The sphinx conf.py value that holds the path of the directory containing the .po files might need to be changed from it’s default depending on your repo’s folder structure. In order to keep the translation files separate from source, we’ll use:

locale_dirs = ['../../locales'] # relative to source directory

Next, configure authentication for zanata-cli by creating zanata.ini and also configure access to the project version by creating zanata.xml.
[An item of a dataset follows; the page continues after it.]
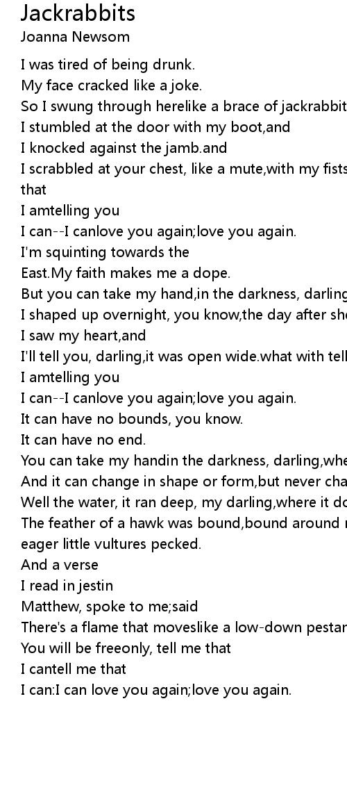 So I swung through herelike a brace of jackrabbits,with their necks all broke. |

An example zanata.xml, once configured, would look something like:

<?xml version="1.0" encoding="UTF-8" standalone="yes"?>
<config xmlns="http://zanata.org/namespace/config/">
  <url>https://translate.zanata.org/</url>
  <project>my-docs-project</project>
  <project-version>latest</project-version>
  <project-type>gettext</project-type>
  <src-dir>templates</src-dir>
  <trans-dir>locales</trans-dir>
  <rules>
    <rule pattern="**/*.pot">{path}/{locale_with_underscore}/LC_MESSAGES/{filename}.po</rule>
  </rules>
</config>

Building the docs

As shown in the initial diagram, the first step is to generate the .pot files by invoking the gettext builder using make gettext in the Makefile:

gettext:
	$(SPHINXBUILD) -b gettext -t i18n ./docs/source/ ./templates/
	@echo
	@echo "Build finished. The message catalogs are in ../templates."
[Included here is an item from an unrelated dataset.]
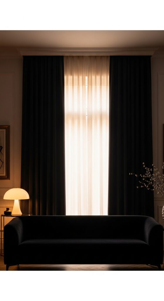 What makes it work: Dark, heavy curtains hung from ceiling height create a vertical architectural backdrop that amplifies the drama of the black sofa in front. The relationship between the sofa and the curtains is one of tone-on-tone depth — slightly different textures and shades of dark that create a richly layered dark background, making anything placed in front of it — a white lamp, a gold frame, a vase — read with exceptional crispness.
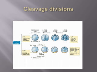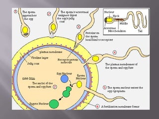 Fertilization involves the fusion of male and female gametes to form a zygote, which triggers embryonic development. Several key steps occur, including capacitation of sperm as they travel through the female reproductive tract, the acrosome reaction that allows sperm to penetrate the zona pellucida surrounding the egg, and fusion of the male and female pronuclei inside the egg. This activation of the egg prevents polyspermy and leads to the first cell divisions and formation of a multicellular embryo through cleavage, blastulation and gastrulation.

Next is to push the .pot files to Zanata:

zanata-cli push --disable-ssl-cert

After the translators have done sufficient work on certain languages, pull the .po files for those languages from Zanata by using the language flag. For example, pulling the German translations:

zanata-cli pull -l de-DE --disable-ssl-cert

Tip: Only building languages that reach a certain percentage of translation completion, say 70%, allows the document to be more easily read in that language.

Now it is possible to build with the latest translations for a language:

sphinx-build -b html -D language=de_DE ./docs/source/ ./build/de_DE/latest/

To simplify this process you can combine those steps in a shell script, build.sh. You can even run zanata-cli in non-interactive mode so that it is more portable for your continuous deployment pipeline:

#!/bin/bash

# build .pot files
sphinx-build -b gettext -t i18n ./docs/source/ ./templates/

# push .pot files to Zanata
zanata-cli -B push --url https://translate.zanata.org/ --username YOUR_USERNAME --key YOUR_KEY --disable-ssl-cert

# pull latest .po files from Zanata for each translated language
for locale in de-DE es; do
   zanata-cli -B pull --url https://translate.zanata.org/ --username YOUR_USERNAME --key YOUR_KEY -l $locale --disable-ssl-cert
done

# build translated docs for each language
for lang in de_DE es; do
   sphinx-build -b html -D language=$lang ./docs/source/ ./build/$lang/latest
done

Optionally, in order to keep search engines from choosing a semi-translated language for English search results, a fairly common problem which may puzzle your users, you can use my sphinx-sitemap extension to auto-generate a multi-lingual sitemap for your documentation.

Note: Shout out to Frank Kloeker for helping me get through this the first time with his i18n docs.